If I may join the discussion; I think having it as a trim-parameter is a good idea - then it could applied on all rolling means there is in TTR.

serkor1 avatar Mar 02 '24 06:03 serkor1

it seems to me that the place to put this would be in runMean, since it already exists, not as a new function

trim in mean.default is defined as:

  if (trim > 0 && n) {
    if (is.complex(x)) 
      stop("trimmed means are not defined for complex data")
    if (anyNA(x)) 
      return(NA_real_)
    if (trim >= 0.5) 
      return(stats::median(x, na.rm = FALSE))
    lo <- floor(n * trim) + 1
    hi <- n + 1 - lo
    x <- sort.int(x, partial = unique(c(lo, hi)))[lo:hi]
  }

so your prototype functionality would deliver the median of the data for any value of trim>0.05

braverock avatar Mar 02 '24 14:03 braverock

agree this should ideally just extend runMean util i get time to work on a proper C pr, here is a usable R implementation:

runTrimmedMean <- function(x, n, cumulative = FALSE, trim = 0) {
  if (trim <= 0) return(runMean(x, n = n, cumulative = cumulative))
  if (trim >= 0.5) return(runMedian(x, n = n, cumulative = cumulative))
  x <- try.xts(x, error = as.matrix)
  if (NCOL(x) > 1) stop("ncol(x) > 1. runSum only supports univariate 'x'")

  len.x <- nrow(x)
  r <- rep(NA_real_, len.x)
  v <- as.vector(x)
  start <- max(last(which(is.na(v))) + 1, 1)

  if (len.x >= (start + n)) {
    trim.start <- floor(trim * n) + 1
    trimmed.range <- trim.start:(n + 1 - trim.start)
    i <- start + n - 1
    buff <- sort(v[start:i])
    r[i] <- sum(buff[trimmed.range]) / length(trimmed.range)
    while(i < len.x) {
      i <- i+1
      if (cumulative) {
        #expand buffer
        n <- n + 1
        trim.start <- floor(trim * n) + 1
        trimmed.range <- trim.start:(n + 1 - trim.start)
      } else {
        #remove old value from buffer. will always get found by match, so no need for error handling
        buff <- buff[-match(v[i-n], buff)]
      }
      #add new value to buffer. match +  insertion is faster than resorting whole buffer
      after <- match(TRUE, v[i] <= buff, nomatch = length(buff) + 1) - 1
      buff <- append(buff, v[i], after = after) # < 1 will pre-pend
      r[i] <- sum(buff[trimmed.range]) / length(trimmed.range) #na's already handled, so bypass checks in mean
    }
  }
  return(reclass(r, x))
}

ethanbsmith avatar Mar 27 '24 22:03 ethanbsmith

Great start!
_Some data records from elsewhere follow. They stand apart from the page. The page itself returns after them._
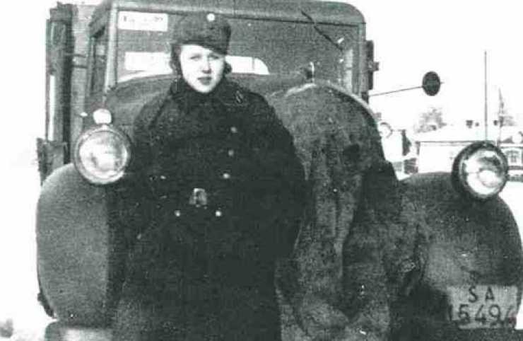 Vid 17 års ålder tog hon körkort och då detta var under kriget kom hon att delta i arméreserven som chaufför. Inledningsvis med att att köra depescher med en Chevrolet men snart körde hon tunga lastbilar med vapen och ammunition ut mot fronten.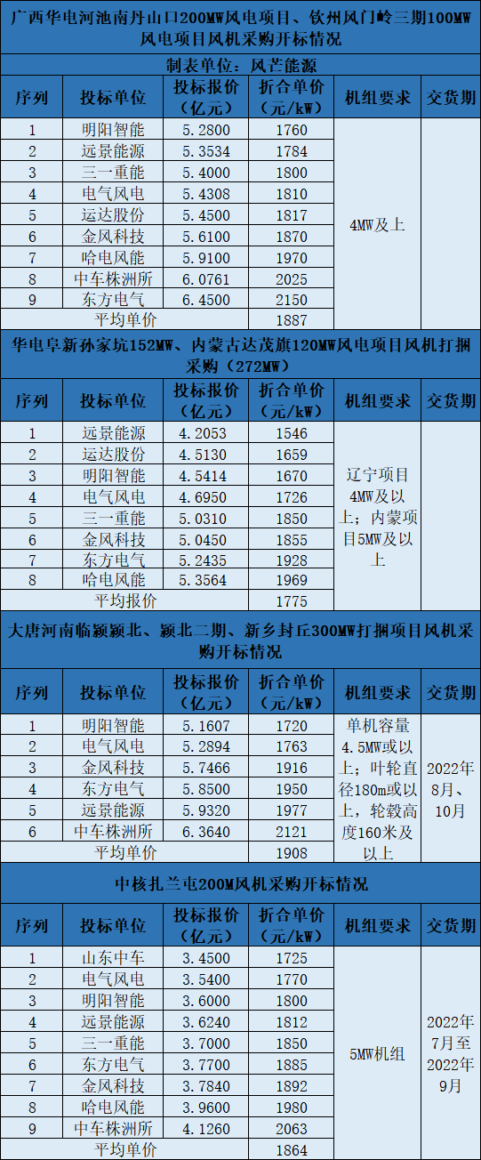 最低1546元/kW!華電、大唐等8個項目共計1.1GW風機采購開標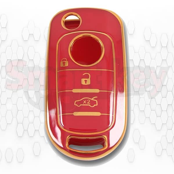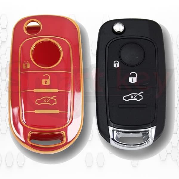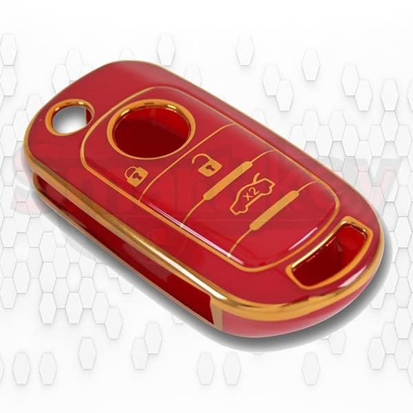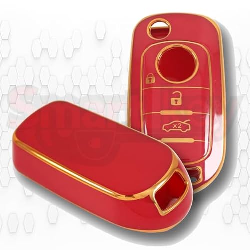 عام - غلاف ريموت احمر ذهبى مصنوع من مادة البولي يوريثان لسيارات فيات تيبو ، TPU RED GOLD Glossy Key Case For Fiat -Tipo - Egea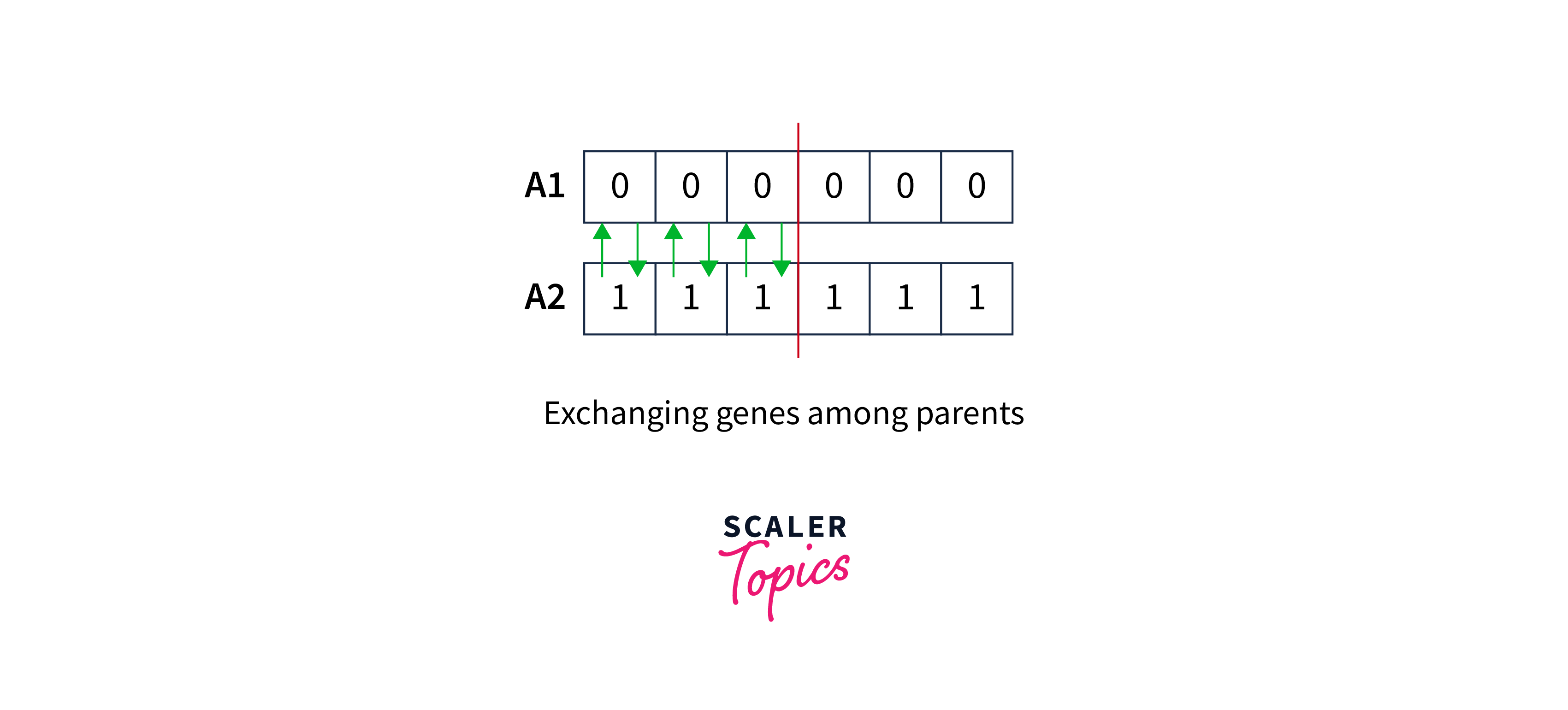 Offspring are then generated by exchanging the parents' genes until the crossover point is reached.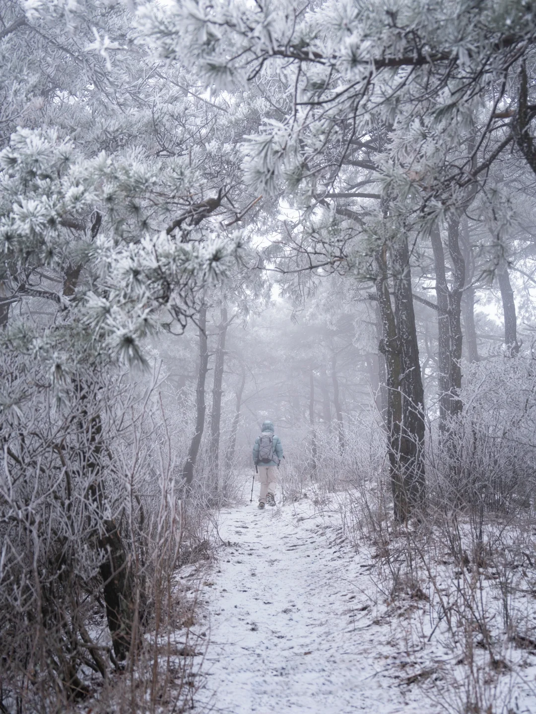 2️⃣离驿站1公里的台阶路上山,路程长,坡度缓,基本是走在树林中,风雪减半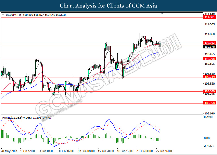 USDJPY, H4: USDJPY was traded lower following prior retracement from the resistance level 110.80. MACD which illustrate bearish momentum signal suggest the pair to extend its losses towards the support level 110.30.
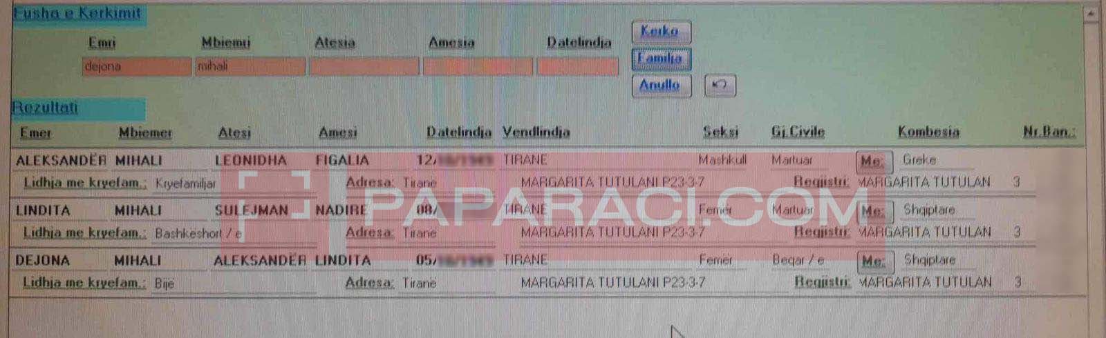 Të dhënat e Regjistrit të Gjendjes Civile në Shqipëri, të cilat i ka siguruar Paparaci, tregojnë se Aleksandër Mihali, babai i Dejona Mihalit, është i deklaruar me kombësi greke pranë autoriteteve shqiptare.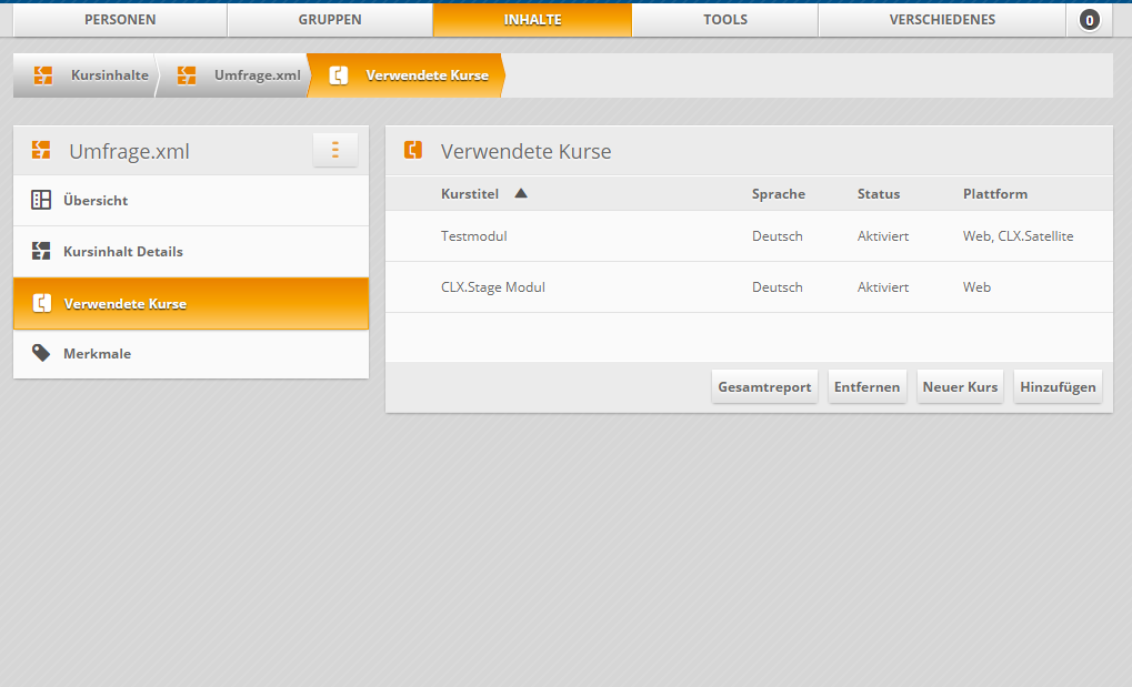 Im Administrationsbereich, unter Kurse > Kursinhalte > nach der gewünschten Umfrage suchen. Im Abschnitt Verwendete Kurse kann über den Button Gesamtreport der Umfragereport generiert und heruntergeladen werden.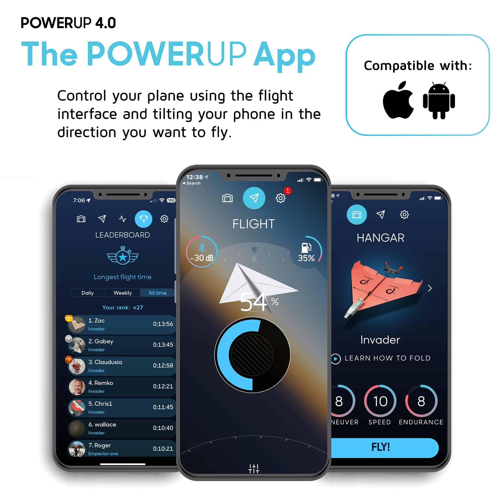 3. VUELO CONECTADO – Empareja tu avión con la aplicación POWERUP para maniobrar tu avión, mantener un sólido registro de vuelo, competir con otros pilotos en la tabla de clasificación y aprender a plegar nuevos diseños de aviones.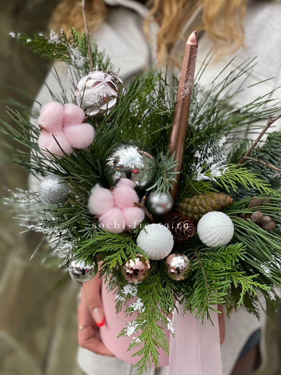 датский нобилис, игрушки, хлопок, свеча, оазис, бокс, лента Готовая композиция может иметь незначительные внешние отличия от примера на фотографии.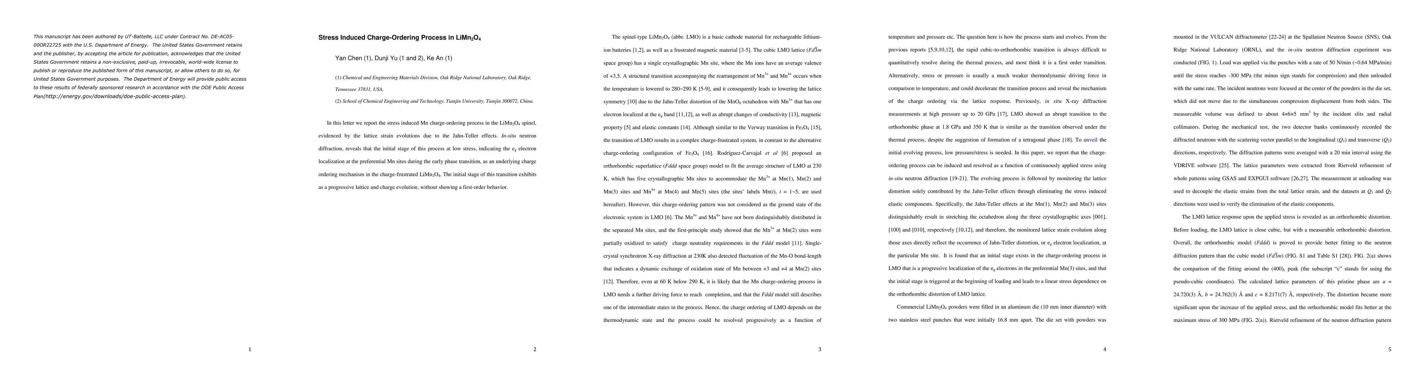 In this letter we report the stress induced Mn charge-ordering process in the LiMn2O4 spinel, evidenced by the lattice strain evolutions due to the Jahn-Teller effects. In-situ neutron diffraction, reveals that the initial stage of this process at low stress, indicating the eg electron localization at the preferential Mn sites during the early phase transition, as an underlying charge ordering mechanism in the charge-frustrated LiMn2O4. The initial stage of this transition exhibits as a progressive lattice and charge evolution, without showing a first-order behavior.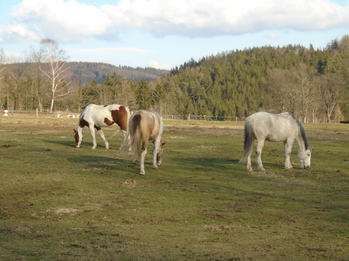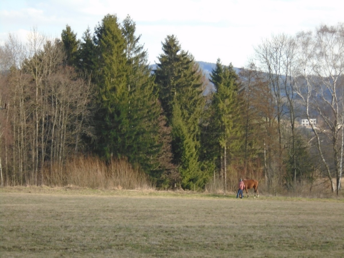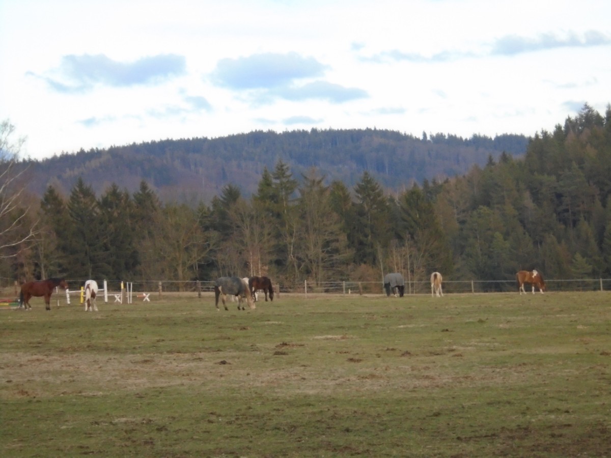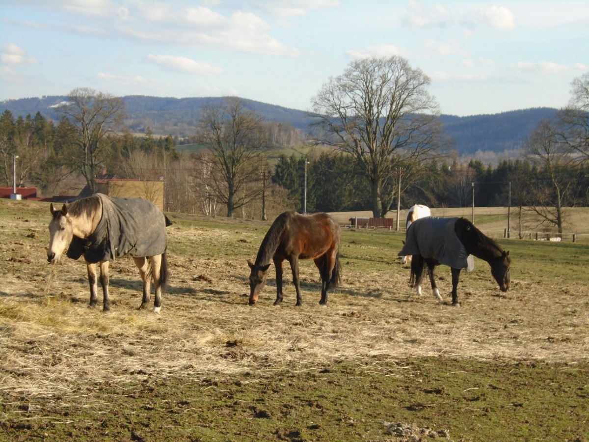 Moje kroky vedly do přírody. Trochu jsem podcenila oblečení, tak po pár desítkách metrů honem zpátky domů a bundičku měním za dlouhý kabát... To byl opravdu dobrý nápad, neboť za hřbitovem hodně a hodně foukalo. Dokonce i někerým koňům v ohradě " oblékli " majitelé ranče koňské deky... Nebudu popisovat každý svůj krok, jsem přesvědčená, že fotogalerie bude mluvit za vše.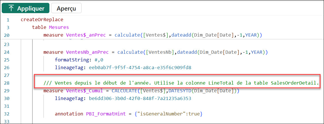 Par exemple, je peux copier la mesure Ventes$ en excluant la ligne du lineageTag qui doit être unique dans le modèle et qui sera ajouté automatique lors de l’exécution du script.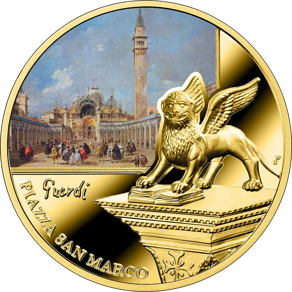A Francesco Guardi painting fragment showing St. Mark's winged lion, from a Venetian patron saint column.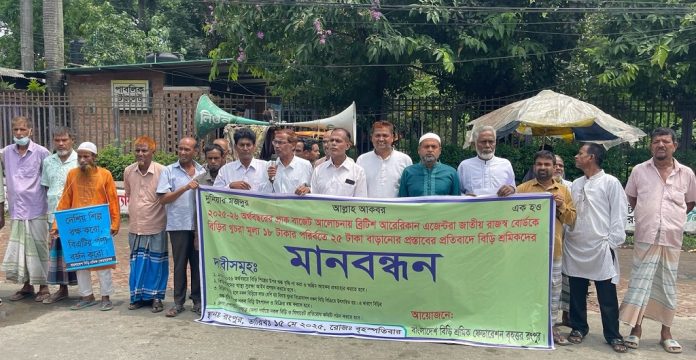 বিড়ি শিল্পে শুল্ক প্রত্যাহারের দাবিতে মানববন্ধন ও স্মারকলিপি প্রদান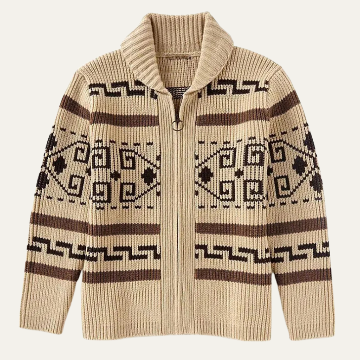 Long-sleeve knit cardigan with a shawl-style collar and full front zipper closure. Features a ribbed knit structure, all-over geometric pattern, and straight-cut silhouette. Includes ribbed cuffs and hem, set-in sleeves, and consistent pattern alignment across the body and arms.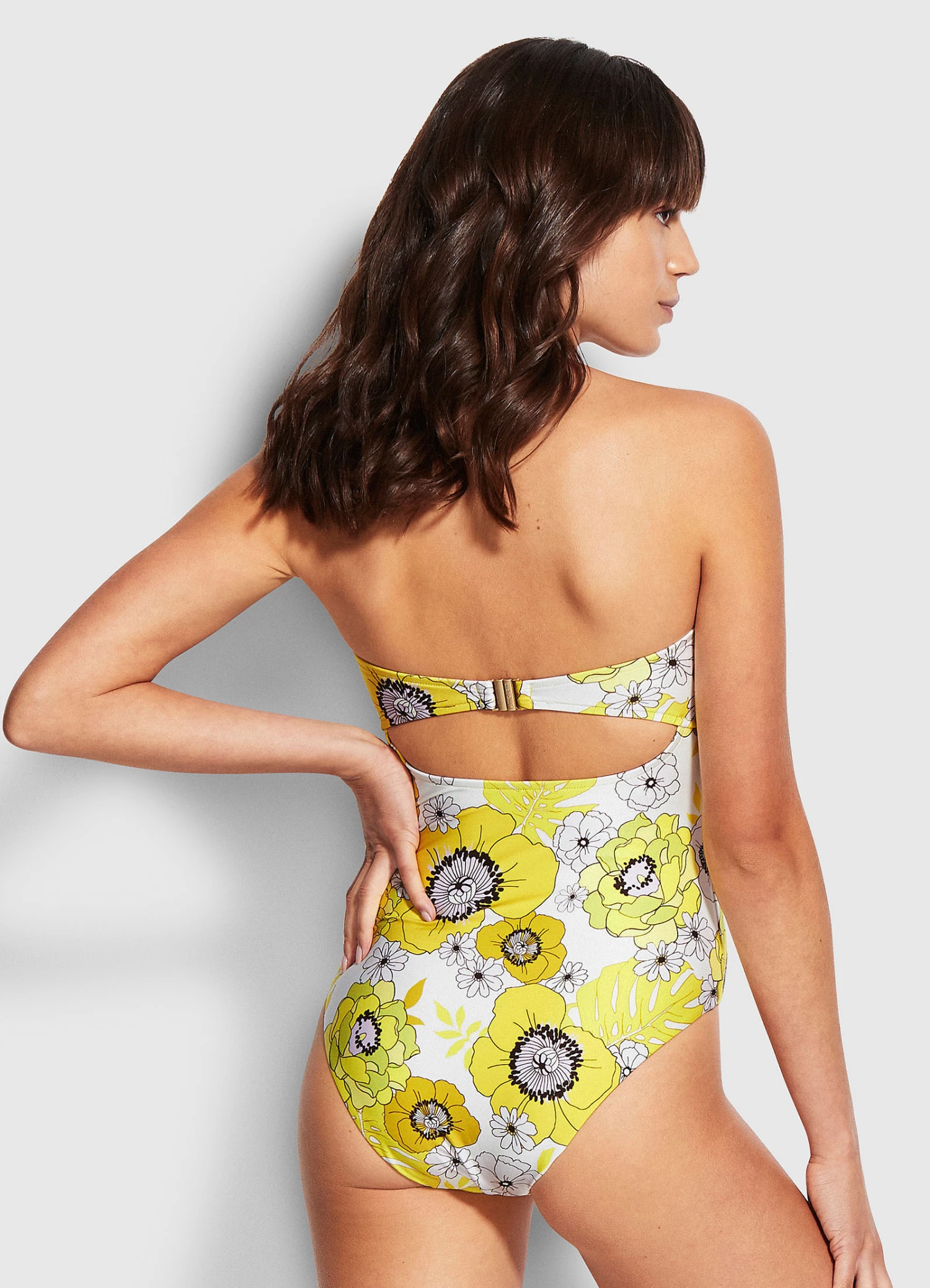 The Summer Of Love Ring Front One Piece is an elevated halter neck swimsuit with a metallic trim detail. The centre cut out, back-clip closure and removable straps craft a versatile one piece, complete with a placement floral print for a retro beach side look.

Would it make sense to have unit tests of this function versus something like rollapply that uses mean with a trim value?

joshuaulrich avatar Mar 28 '24 16:03 joshuaulrich

yes. thats exactly how i tested this version. ill formalize them, as i need to that anyways

ethanbsmith avatar Mar 28 '24 17:03 ethanbsmith

Awesome. You can use 'tinytest' (it's a near drop-in replacement for 'testthat') instead of 'RUnit'. I intend to convert all the TTR tests to 'tinytest' at some point.